Alan Kneidel

Staff Biologist

Manomet and our team of partners have spent recent years identifying focal areas for Whimbrel conservation efforts and building a monitoring network in the Atlantic Flyway. In April 2021, Brad Winn and Alan Kneidel headed to Texas and Louisiana to expand this network to the Gulf coast. At the same time, Abby Sterling and her partners coordinated ongoing surveys in the Georgia Bight. We are pleased to report that the 2021 field season was a success, and lots of Whimbrels were counted!

Why?

Why are we so focused on the spring staging areas for Whimbrels? In the conservation field, monitoring population size and trends are essential to understanding the cause-effect links between management actions and population response. But, collecting information about shorebird populations can be quite the challenge.

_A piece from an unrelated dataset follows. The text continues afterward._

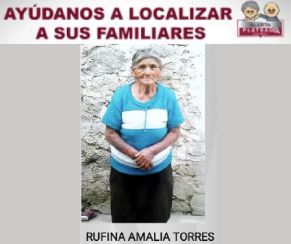 Autoridades del Estado de México emitieron una Alerta Plateada para localizar a Doña Rufina Amalia Torres, de 77 años de edad, la cual fue vista por última vez el día 27 de septiembre de 2020, en la colonia Espartaco, Ixtapaluca.

For three-quarters of the year, Whimbrels are largely inaccessible. During the breeding season, they are thinly dispersed throughout the vast Arctic and sub-Arctic tundra. A large percentage fly straight out over the Atlantic Ocean during fall migration, without ever passing through the lower 48 states. During the winter months, Whimbrels are dispersed along the Caribbean and northern South America coasts, areas that are remote and difficult to survey. Therefore, the only time to do population-level headcounts of Whimbrels is at spring staging areas, and particularly at the communal nocturnal roost sites within these staging areas. There may be just a few of these roosts in a region, pooling birds from up to 40 miles away and numbering thousands of birds. In addition to being the best place to count the birds, identifying these key sites also helps us direct conservation action to them.